WHAT IS BEING ASKED - Copy each entry below exactly. No images.
--------------------
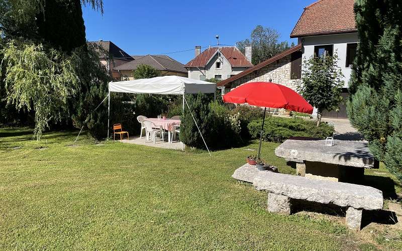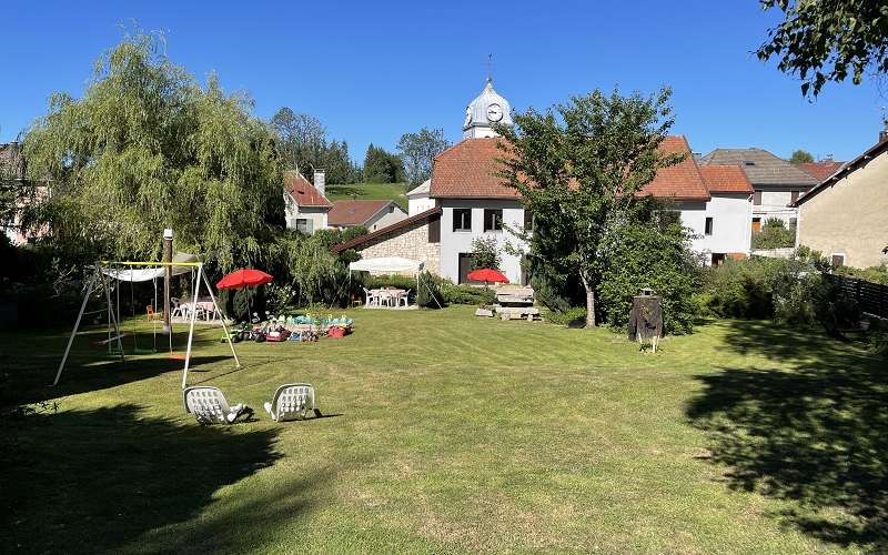 Cour et jardin clos communs aux 2 autres gîtes, salon de jardin, barbecue, jeux enfants, balançoire, terrain de pétanque.
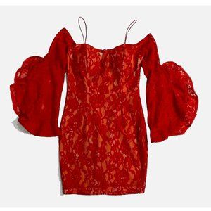 A'GACI Women's Red Lace Off The Shoulder Long Flutter Sleeve Mini Dress Size S
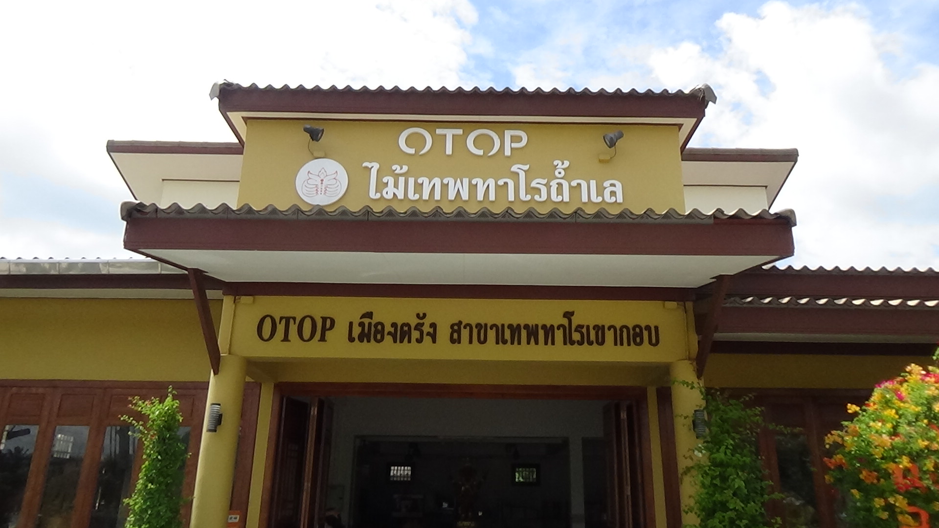 ที่ศูนย์โอทอป เลขที่ 78/2 หมู่ที่ 1 ตำบลเขากอบ อำเภอห้วยยอด จังหวัดตรัง เป็นที่ตั้งของกลุ่มผลิตภัณฑ์ไม้เทพธาโร ถ้ำเลเขากอบ นายสุภาพ พลการ ประธานกลุ่มผลิตภัณฑ์ไม้เทพธาโรถ้ำเลเขากอบ กล่าวว่า ได้ทำผลิตภัณฑ์แกะสลักจากไม้เทพธาโร ซึ่งถือว่าเป็นไม้มงคล และมีกลิ่นหอม เป็นที่นิยมชื่นชอบของนักท่องเที่ยว นิยมหาซื้อไปเป็นของขวัญของฝาก ให้กับผู้ที่เคารพนับถือกันเป็นจำนวนมาก โดยมีการแกะสลักในรูปแบบต่างๆ เช่น พระพุทธรูป พญานาค พระพิฆเนศ เทพเจ้ากวนอู และที่ประชาชนและนักท่องเที่ยวใจให้ความสนใจมาซื้ออย่างต่อเนื่อง คือ พะยูน เนื่องจากพะยูนนั้นเป็นสัตว์สัญลักษณ์ประจำจังหวัดตรัง
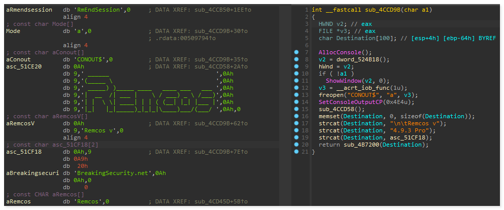 用于注入 "C:\Windows\SysWOW64\explorer.exe" 进程的 EXE 实际上是一个 Remcos 远控后门,属于 4.9.3 的专业版:
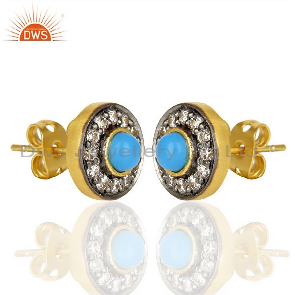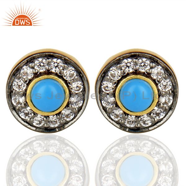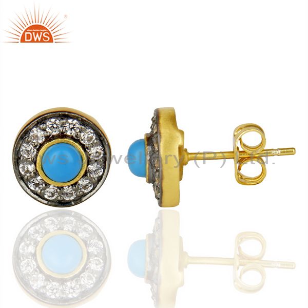 18K Yellow Gold Plated Turquoise And Zircon Halo Stud Brass Earrings
--------------------
WRITTEN ANSWER -
 Cour et jardin clos communs aux 2 autres gîtes, salon de jardin, barbecue, jeux enfants, balançoire, terrain de pétanque.
 A'GACI Women's Red Lace Off The Shoulder Long Flutter Sleeve Mini Dress Size S
 ที่ศูนย์โอทอป เลขที่ 78/2 หมู่ที่ 1 ตำบลเขากอบ อำเภอห้วยยอด จังหวัดตรัง เป็นที่ตั้งของกลุ่มผลิตภัณฑ์ไม้เทพธาโร ถ้ำเลเขากอบ นายสุภาพ พลการ ประธานกลุ่มผลิตภัณฑ์ไม้เทพธาโรถ้ำเลเขากอบ กล่าวว่า ได้ทำผลิตภัณฑ์แกะสลักจากไม้เทพธาโร ซึ่งถือว่าเป็นไม้มงคล และมีกลิ่นหอม เป็นที่นิยมชื่นชอบของนักท่องเที่ยว นิยมหาซื้อไปเป็นของขวัญของฝาก ให้กับผู้ที่เคารพนับถือกันเป็นจำนวนมาก โดยมีการแกะสลักในรูปแบบต่างๆ เช่น พระพุทธรูป พญานาค พระพิฆเนศ เทพเจ้ากวนอู และที่ประชาชนและนักท่องเที่ยวใจให้ความสนใจมาซื้ออย่างต่อเนื่อง คือ พะยูน เนื่องจากพะยูนนั้นเป็นสัตว์สัญลักษณ์ประจำจังหวัดตรัง
 用于注入 "C:\Windows\SysWOW64\explorer.exe" 进程的 EXE 实际上是一个 Remcos 远控后门,属于 4.9.3 的专业版:
 18K Yellow Gold Plated Turquoise And Zircon Halo Stud Brass Earrings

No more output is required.